Зато было восхищение городом, описание радушной встречи с любимым человеком, который пока должен отдавать долг своей Родине, а еще легкое сетование на то, что скоро нечем будет платить за курсы рисования (а ведь она успешна, вот доказательство – рисунок очередного придуманного наряда в стиле а-ля рус) и, конечно, французского (обещала же отчиму).
На те и другие курсы Гала действительно ходила, хотя рисовать бросила довольно скоро, утомившись необходимостью кропотливо трудиться над классическими формами, по-французски говорила уже бегло и каждый вечер писала под диктовку мадам Грендель диктанты или переписывала целые страницы французских книг. Это помогло, русский акцент оставался еще очень долго, но это лишь придавало речи пикантную живость.
Дмитрий Ильич понял заботы падчерицы правильно, а может, поинтересовался ценами в Париже, и выслал определенную сумму на адрес Гренделей.
Следующий флакон духов Гала приобрела уже за свои средства, как и несколько винтажных туалетов, чтобы переделать их под себя.
Умение будущей невестки создавать элегантные наряды буквально из ничего, как и ее желание научиться работать иглой профессионально (но только не зарабатывать этим на жизнь!), понравилось мадам Грендель, ведь Жанна-Мария сама была прекрасной портнихой и некоторое время даже держала помощниц, помогая мужу зарабатывать деньги на содержание семьи.
Из-за этого несколько раз возникали забавные ситуации. Мадам Грендель давала Гале уроки шиться и вышивки, наставляя по поводу предпочтений парижанок, мол, если это учитывать, то заработок может существенно повыситься.
Но когда Жанна-Мария предложила Гале попытаться открыть небольшую мастерскую и помогать «нашим мужчинам», та посмотрела так, словно будущая свекровь предложила торговать телом. Мадам Грендель даже чуть смутилась:
– Но не кокоткой же становиться!
Неизвестно чем все закончилось бы, но пришли письма от Поля, в которых тот сообщал две вести – одну радостную, вторую ужасную.
По особому разрешению Поль, уже ставший к тому времени совершеннолетним и не обязанный получать разрешение отца на женитьбу, именно для этого и выбил себе увольнительную с 20 февраля 1917 года всего на три дня.

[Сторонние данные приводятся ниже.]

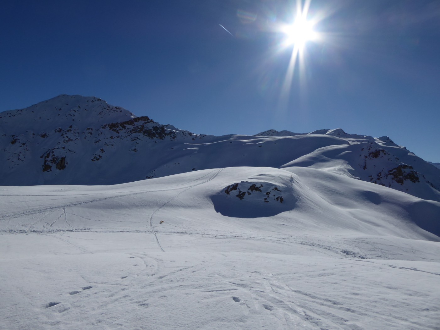 Montée par le Chapelet et par les clairières jusque Plan Monnay (2111). J'ai suivi l'arête nord le long des pistes de la station et au delà jusqu'au replat 2370 à l'ouest du sommet. J'ai remonté les pentes sud jusqu'à l'épaule ouest 50m sous le sommet.

Это означало, что уже на следующий день они смогут пожениться и обвенчаться, Гала станет законной супругой Поля Гренделя, станет мадам Грендель! Эта часть битвы будет выиграна. Сопротивление Клемана Гренделя вовсе не сломлено, но ему придется считаться с законностью пребывания в их доме «этой русской» и называть ее снохой.
Первое известие вознесло Галу ввысь, теперь она не сомневалась в счастливом будущем с Полем (она не сомневалась никогда, однако теперь это счастливое будущее переходило из разряда мечтаний в реальность).
А вот второе известие было катастрофическим.
Увольнительную Полю давали перед отправкой в действующую армию, в окопы!
Поль писал, что больше не может проводить дни и месяцы в лазаретах, не имеет права болеть, когда с фронта идут машины, полные раненых, страдающих людей, он должен быть в окопах вместе со всей Францией, отсиживаться в тылу, даже будучи в форме, было бы трусостью.
Эжен-Поль Грендель решил стать настоящим солдатом и взять в руки оружие тяжелей карандаша и перевязочных материалов.
Первую весть он сообщил Гале – 21 февраля они поженятся, вторую матери.
Гала выскочила из комнаты с горящими от счастья глазами, мадам Грендель из своей в ужасе.
Обменялись письмами, чтобы понять, что же произошло. Прочтя рассуждения Поля о необходимости отправиться на передовую, Гала вдруг жестко заявила:
– Мадам Грендель, когда я стану женой Поля, у меня будет больше прав, чтобы отговорить его от такого решения.
Жанна-Мария была потрясена столь простой истиной.
– Да-да, дорогая! Мы должны отговорить Жежена, патриотом можно быть, и не умирая в окопе.
Женщины обнялись, всплакнув – Гала от счастья, мадам Грендель от избытка чувств.
Гале даже в голову не приходило, что ее обожаемый Поль может не уступить.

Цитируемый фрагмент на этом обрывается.